# Source material
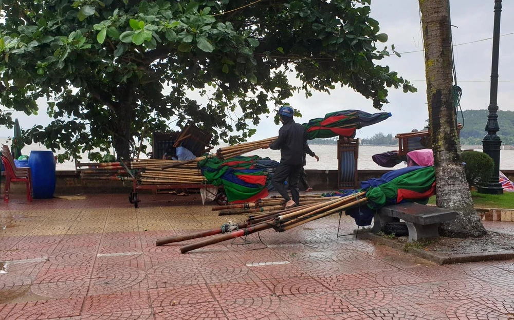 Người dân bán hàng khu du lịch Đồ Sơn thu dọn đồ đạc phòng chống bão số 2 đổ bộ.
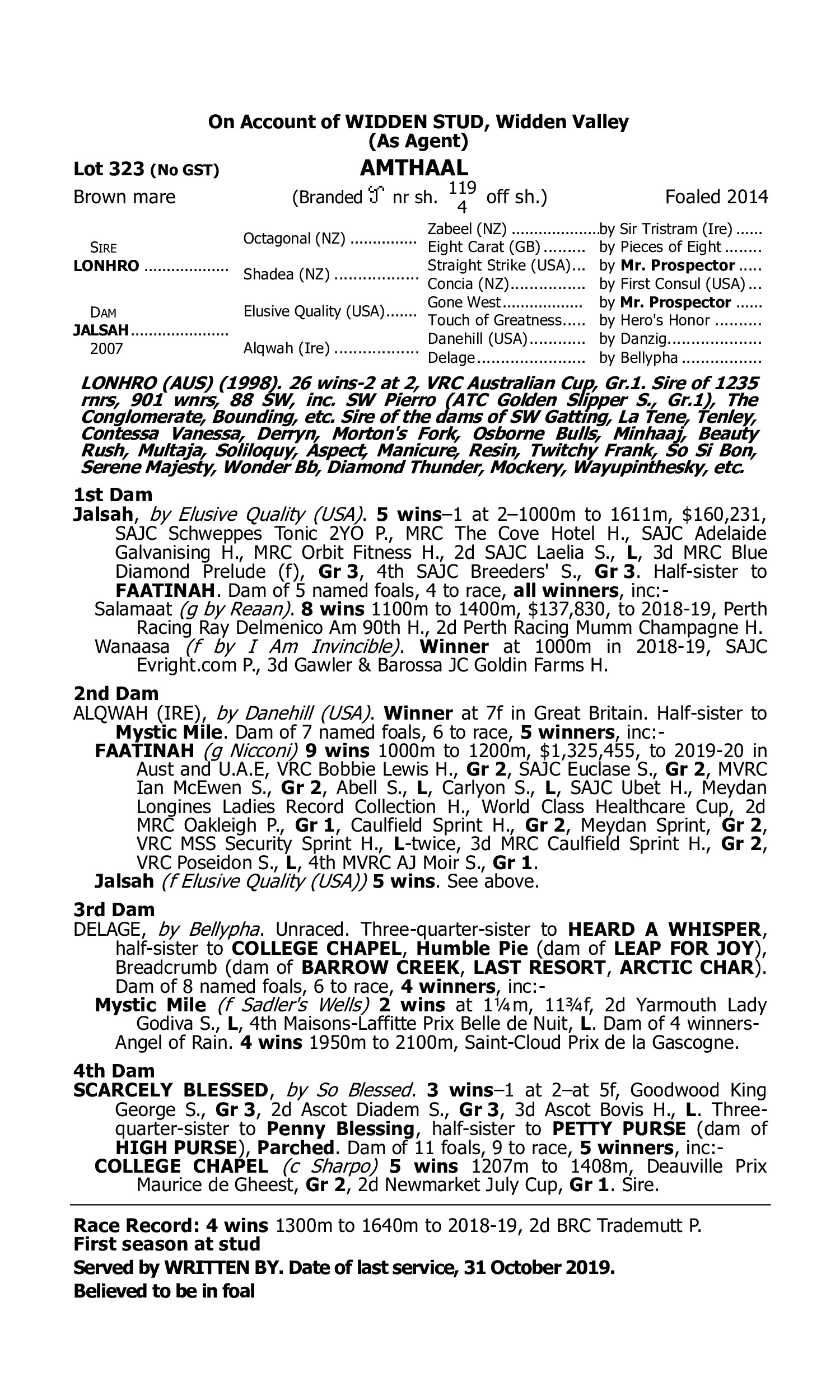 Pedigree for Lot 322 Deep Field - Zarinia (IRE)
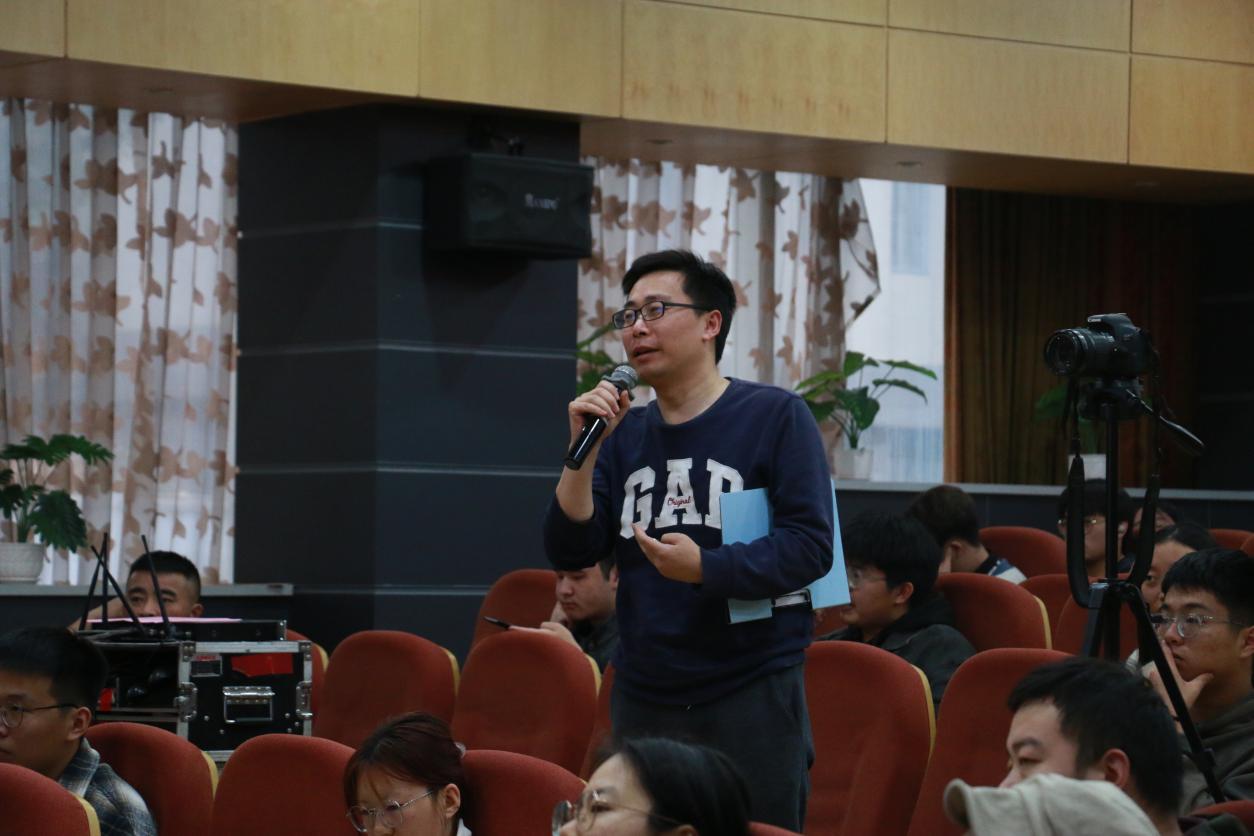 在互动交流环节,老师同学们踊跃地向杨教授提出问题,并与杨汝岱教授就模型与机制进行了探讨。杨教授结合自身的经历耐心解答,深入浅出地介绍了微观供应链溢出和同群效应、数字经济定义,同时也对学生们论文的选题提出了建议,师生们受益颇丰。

# Aim of the task
Repeat the listing above exactly, omitting the pictures it contains.

# Output
 Người dân bán hàng khu du lịch Đồ Sơn thu dọn đồ đạc phòng chống bão số 2 đổ bộ.
 Pedigree for Lot 322 Deep Field - Zarinia (IRE)
 在互动交流环节,老师同学们踊跃地向杨教授提出问题,并与杨汝岱教授就模型与机制进行了探讨。杨教授结合自身的经历耐心解答,深入浅出地介绍了微观供应链溢出和同群效应、数字经济定义,同时也对学生们论文的选题提出了建议,师生们受益颇丰。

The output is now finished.